Sandy Hook Promise appears to have ties to the world of finance as well.
Although the SHP board has seen some departures over the past two
years, the previous chairperson of its Board of Directors, Kristin
Lemkau, is Chief Marketing Officer of major global investment bank
JPMorgan Chase.
And perhaps unsurprisingly Sandy Hook Promise is also linked to corporate news media. The organization’s former vice chair was Rob Cox, a founder and global editor of Reuters BreakingViews.
According to a profile of Cox published by his alma mater, The University of Vermont,
Within twenty-four hours of the massacre of twenty-six children at Sandy Hook Elementary School, Cox and a circle of friends were working to found what would become Sandy Hook Promise, an organization dedicated to healing their own community and doing all it can to make sure others do not suffer the same fate.
James Belden was a Sandy Hook corporate officer through 2017. In
addition to serving as a Newtown Commissioner, he likewise brought
marketing experience to Sandy Hook Promise.
Before funerals were even held for the deceased children or the results
of a satisfactory crime scene investigation were close to completion
Commissioner Belden was before television cameras promoting “Newtown
United,” another non-profit, while stressing “the underlying issues that
caused this horrible incident–not just gun control but mental health
and awareness.”
At present one of its prominent board members is Bradley Miles,
who also heads up the Polaris Project, “a global leader in the fight to
eradicate human trafficking and to restore freedom to survivors,”
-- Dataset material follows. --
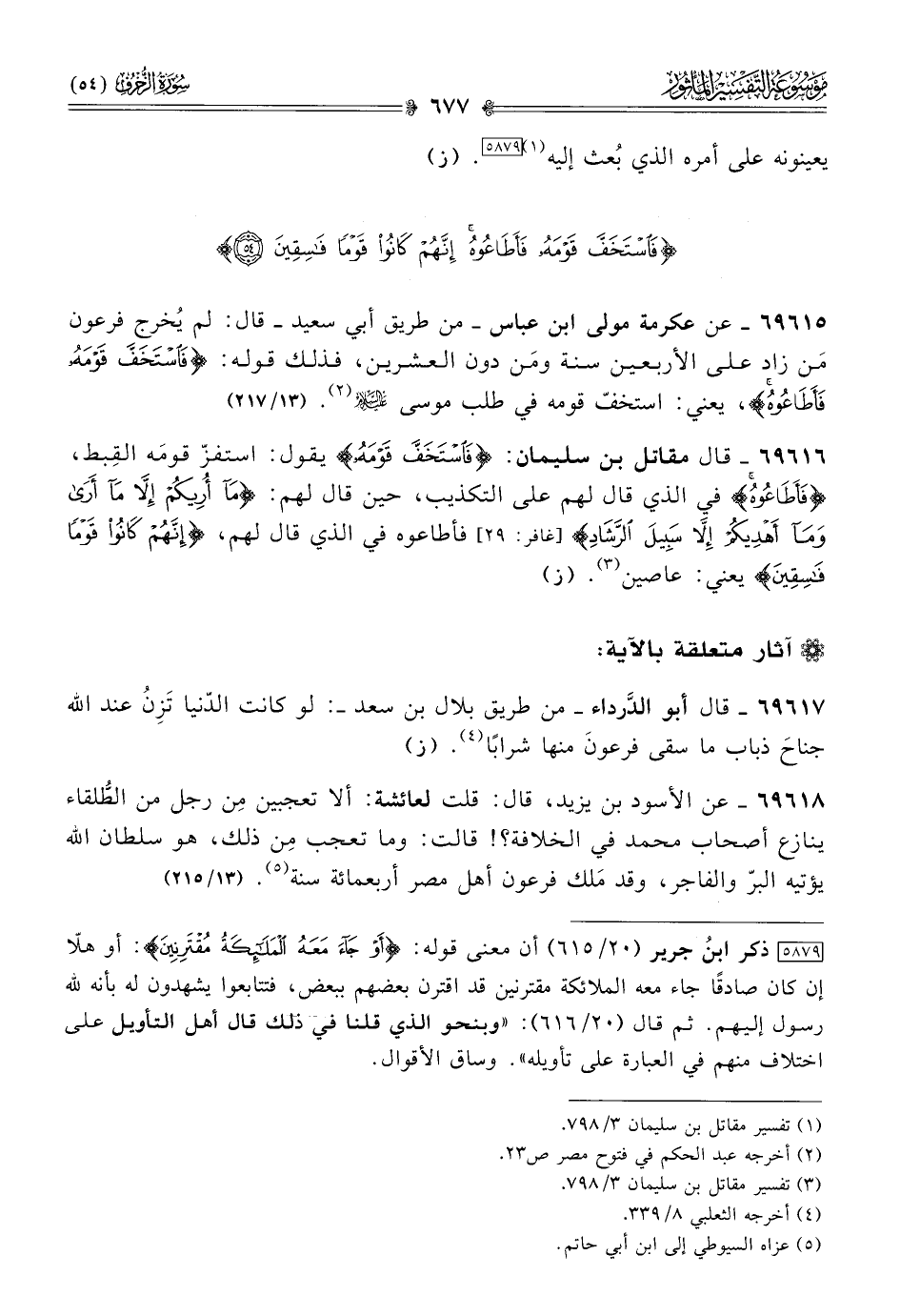 ٦٩٦١٦ - قال مقاتل بن سليمان: {فاسْتَخَفَّ قَوْمَهُ} يقول: استفزّ قومَه القِبط، {فَأَطاعُوهُ} في الذي قال لهم على التكذيب، حين قال لهم: {ما أُرِيكُمْ إلّا ما أرى وما أهْدِيكُمْ إلّا سَبِيلَ الرَّشادِ} [غافر: ٢٩] فأطاعوه في الذي قال لهم، {إنَّهُمْ كانُوا قَوْمًا فاسِقِينَ} يعني: عاصين (¬٣). (ز)

according to one description of the charity industry celeb. “Under
Myles’ leadership, Polaris has worked to strengthen the U.S. national
movement against human trafficking through policy advocacy in all 50
states and through a wide range of training and capacity-building
programs.”
The millions solicited by Sandy Hook Promise thus far is merely a
fraction of an estimated $130 million in federal funding and private
donations brought in by Sandy Hook related charities.
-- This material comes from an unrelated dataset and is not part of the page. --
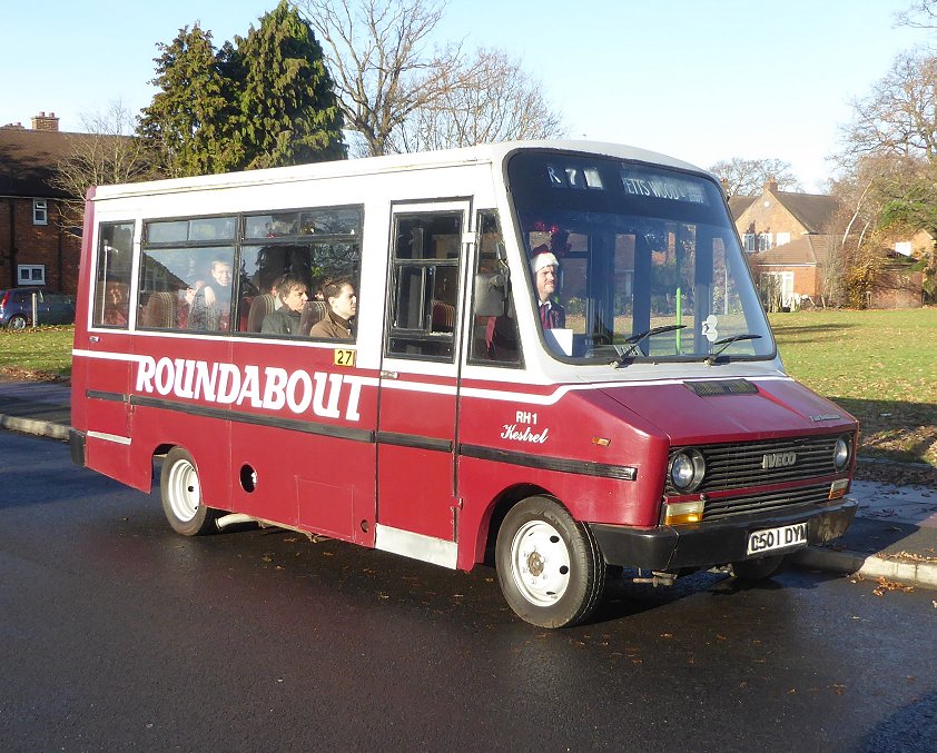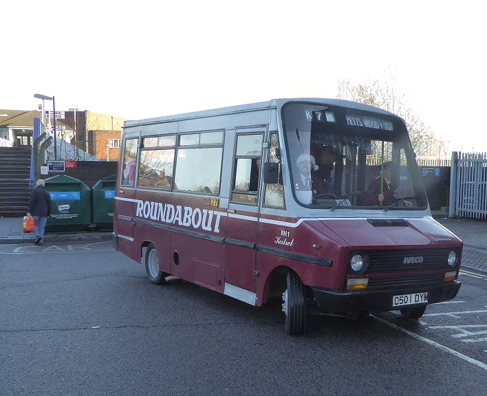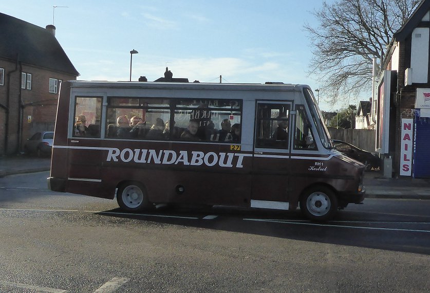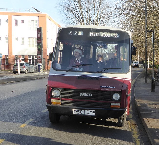 Bromley Mini Running DaySunday 11th December 2016Prepared by Ian Smith, 14th December 2016.Part Two: RH1 on R7R7: Petts Wood Station to Coppice Estate (RH1)I had a little while to wait at Petts Wood Station for the R7. I used the time to walk down to a service station to buy a sandwich and drink for later use. Back at the Station Approach I had less than a quarter-hour before RH1 appeared from the south and pulled in to the station stops. With Santa driving, it made the turn to pull up at the departure stop.This was the first time that I had seen RH1 since it was derelict in Southland's yard at the back of Swanley Garage, still in blue and yellow. It has been renovated and restored to Roundabout maroon and grey. I chatted to driver/owner Tom Gurney. It seems that although these little buses were the lineal descendants of the very popular GS class, in terms of size and purpose, this is the only one preserved. RM1397 was running a bit late on the 94. We were just about to set off when it arrived and added to our complement of passengers. We set off, turning right along the parade of shops on Queensway, and turned the corner to head west along Franks Wood Avenue. A little way along we turned off left onto Oxhawth Crescent. We were on the London Outer Orpital Path - the LOOP, where I had walked a few years back. We went straight ahead down Faringdon Avenue as the Crescent veered away, and went almost to its end before turning right to loop back up Whitebeam Avenue. I was suddenly taken back sixty years. This was where I had visited my uncle, aunt and family back then, having walked across from the 94 terminus at the Crooked Billet. RH1 turned right into Lovelace Avenue, and pulled up at a stop by a spacious green. Most of the passengers decanted to take photos. R7: Coppice Estate to Orpington High Street (RH1)We reboarded "Kestrel" and made our way back onto Oxhawth Crescent, and turned right onto Southborough Lane. As we forked left onto Franks Wood Avenue we passed EnviroTrident 10150 on a 208 to Lewisham Station.We followed the road round onto Queensway, and passed the station. Dart SLF, today's rolling stock on Roundabout services, passed on an R3 to Farnborough Hospital. We went on, turning onto Crofton Road, to soar over the railway and continue east to meet Perry Hall Road. We turned right and followed it down into Orpington, to reach the terminal point of the 208, where 10189 was standing. We turned right onto Orpington High Street and terminated at the stop there. R7: Orpington High Street to Petts Wood Station (RH1)From the stop at the very north end of the High Street we went forward, to the junction with Chislehurst Road. There we met Scania 15096 heading for woolwich on the 51, and followed it round to the stands for other Orpington services. We debouched onto Perry Hall Road, and followed it back to the end of Crofton Road. We headed back to Petts Wood Station, where the little bus pulled in to Station Approach and turned round. Now, where was RT1702?

“The latest edition of the video We Need To Talk about Sandy Hook lists
a total of $131,009,229 in grants and donations, including the $50
million for the new school,” academic researcher Vivian Lee notes,
but this is only a partial accounting. Indeed, the total amount of money raised to date cannot easily be calculated. A 2014 Connecticut report on charitable donations lists organizations such as The Animal Center, Inc., Newtown Forest Association, Inc., Sandy Hook Arts Center for Kids, and Angels of Sandy Hook Bracelets, all raising funds in the name of Sandy Hook Elementary.
In addition, individuals involved in the Sandy Hook event, including
those heading up SHP, have forged lucrative careers in their nonprofit
sector, as evidenced by recent federal tax information.
Sandy Hook Promise Directors’ Six Figure Salaries
Sandy Hook Promise’s 2016 federal tax return reveals
several or the organization’s board members bestowing themselves with
substantial compensation packages for proffering the trademarked
“violence prevention programs” to local school districts.
For example, in 2016 between SHP and “related organizations” Nicole
Hockley earned an annual salary of $132,951, the lion’s share of which
($121,318) came from SHP’s coffers and the remainder consisting of
“other compensation” from “other organizations.” Marketing maven Tim
Makris pulled in a whopping $203,925, ninety percent ($179,711) came
from SHP which he plays a central role in overseeing.
In fact, four of SHP’s eight compensated board directors earn six-figure
salaries, while the organization’s “secretary” Mark Barden comes in
close, with annual pay of $92,268. In total, the SHP board paid itself
$746,026 to run its affairs in 2016 alone.
SHP lays out an even more substantial sum in marketing and advertising.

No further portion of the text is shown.